Material provided >>
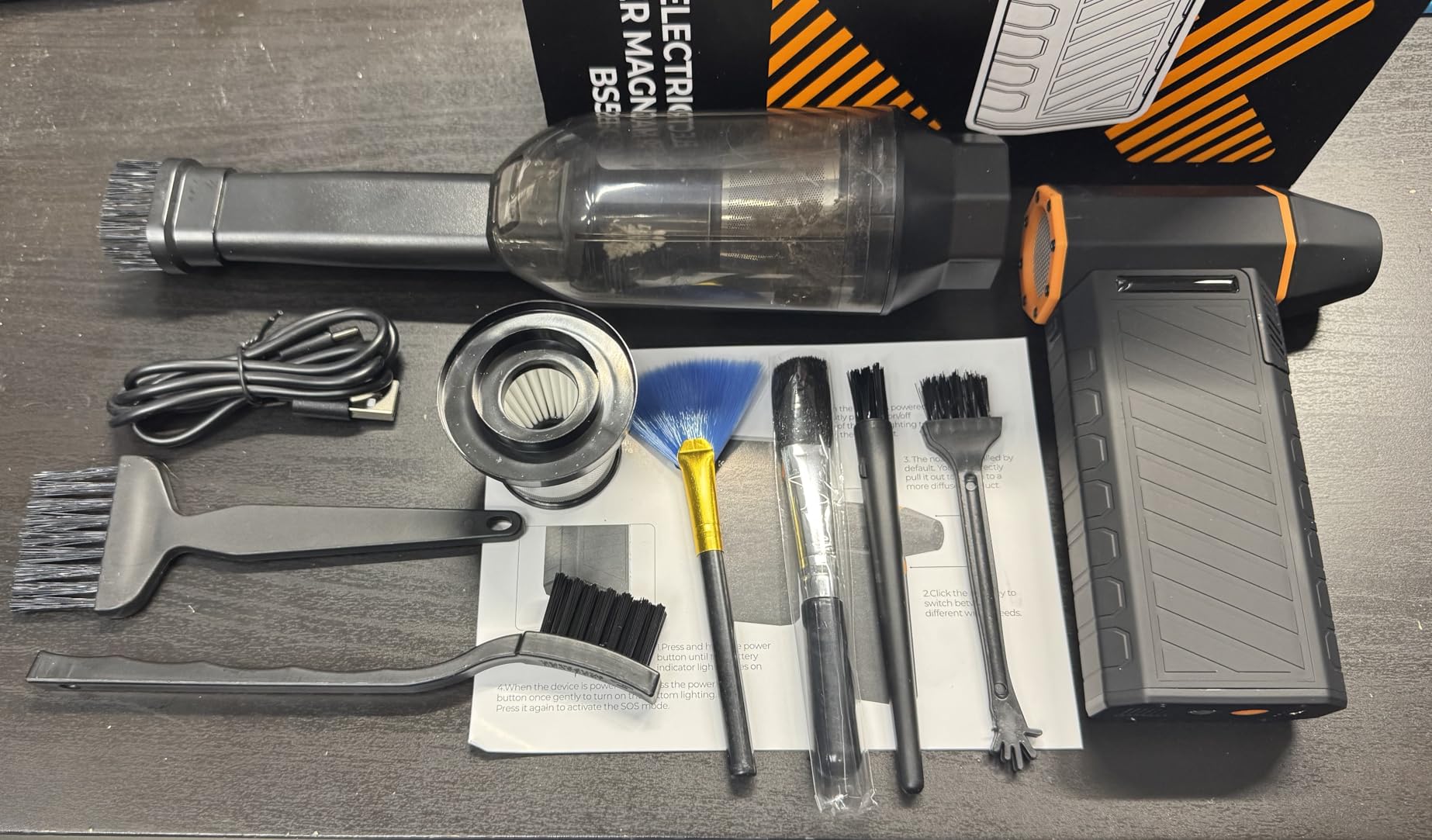 Great little vacuum that is perfect for cars and trucks. Kit comes with a extra filter and a wide variety of brushes to help get in the tight spots. I was amazed at the amount of power this blower puts out. It is so powerful that I use it to clean in my house. Easy to put all the attachments on the blower. The battery last for over an hour on a 30 minute charge. When you pick up the blower you can feel the quality in workmanship. Made with durable material. Cleans really well. One of the best things about this is the price. Really great deal.
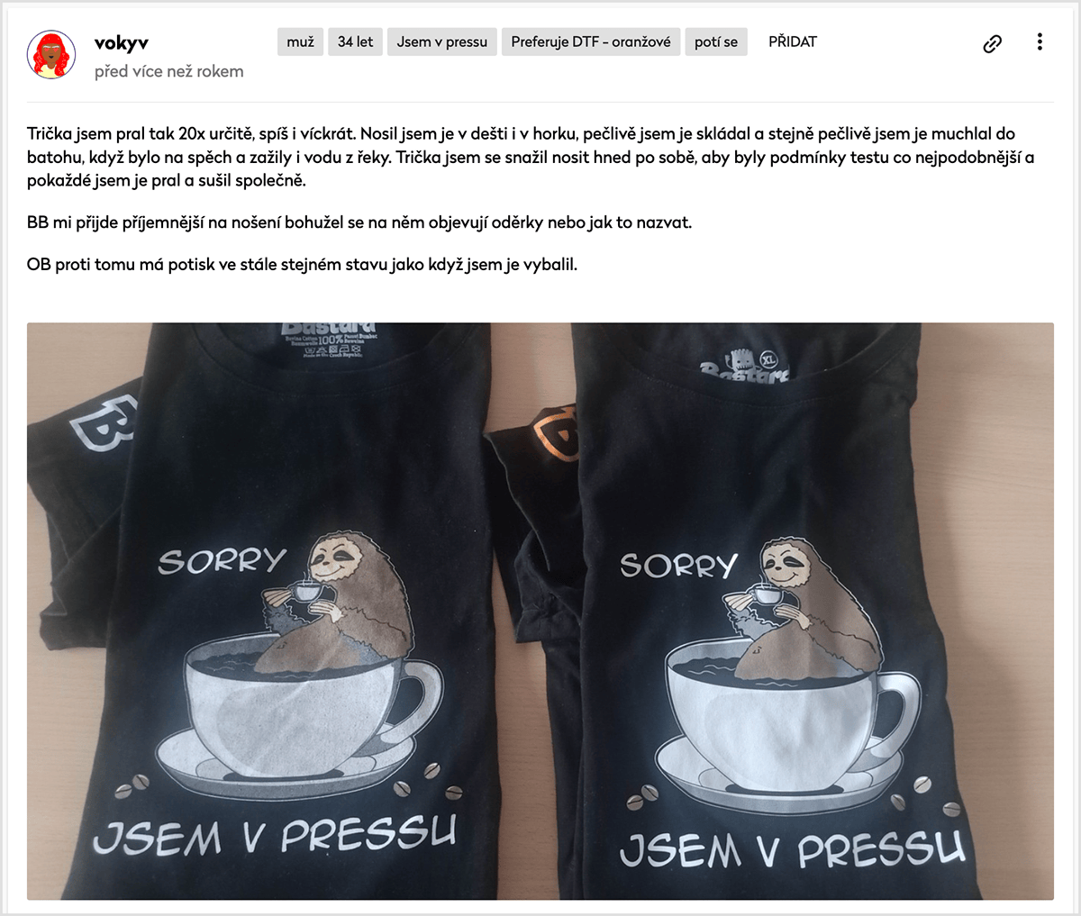 Testování trvalo přibližně čtvrt roku. Všechna trička prošla desítkami praní, některá skončila i v sušičce, další se nosila několikrát týdně. Zajímalo nás všechno – blednutí barev, popraskání potisku, změna povrchu na omak i celkový vzhled po delší době.
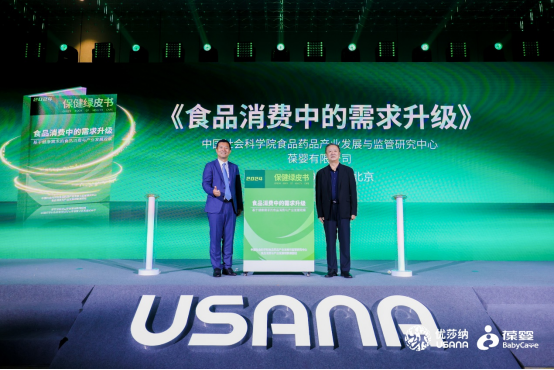 USANA葆婴全球副总裁、中国区总经理王生和中国社会科学院食品药品产业发展与监管研究中心主任张永建联合发布保健绿皮书
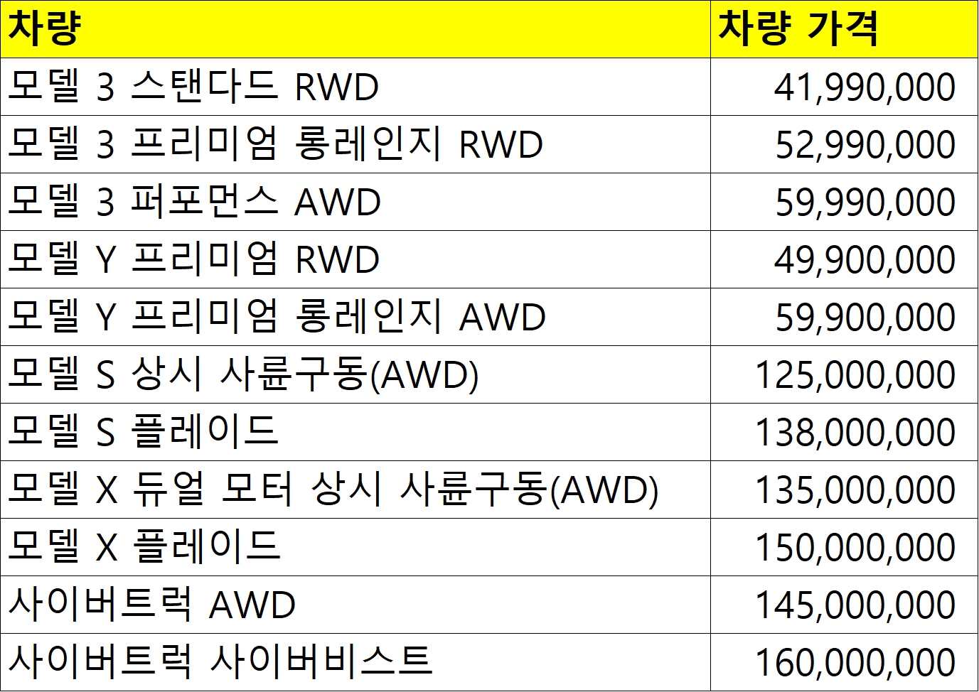 아래는 한눈에 보기 좋게 정리한 테슬라 가격표입니다.

Task directions >>
Please return the listing above exactly and leave every picture out.

Exercise response >>
 Great little vacuum that is perfect for cars and trucks. Kit comes with a extra filter and a wide variety of brushes to help get in the tight spots. I was amazed at the amount of power this blower puts out. It is so powerful that I use it to clean in my house. Easy to put all the attachments on the blower. The battery last for over an hour on a 30 minute charge. When you pick up the blower you can feel the quality in workmanship. Made with durable material. Cleans really well. One of the best things about this is the price. Really great deal.
 Testování trvalo přibližně čtvrt roku. Všechna trička prošla desítkami praní, některá skončila i v sušičce, další se nosila několikrát týdně. Zajímalo nás všechno – blednutí barev, popraskání potisku, změna povrchu na omak i celkový vzhled po delší době.
 USANA葆婴全球副总裁、中国区总经理王生和中国社会科学院食品药品产业发展与监管研究中心主任张永建联合发布保健绿皮书
 아래는 한눈에 보기 좋게 정리한 테슬라 가격표입니다.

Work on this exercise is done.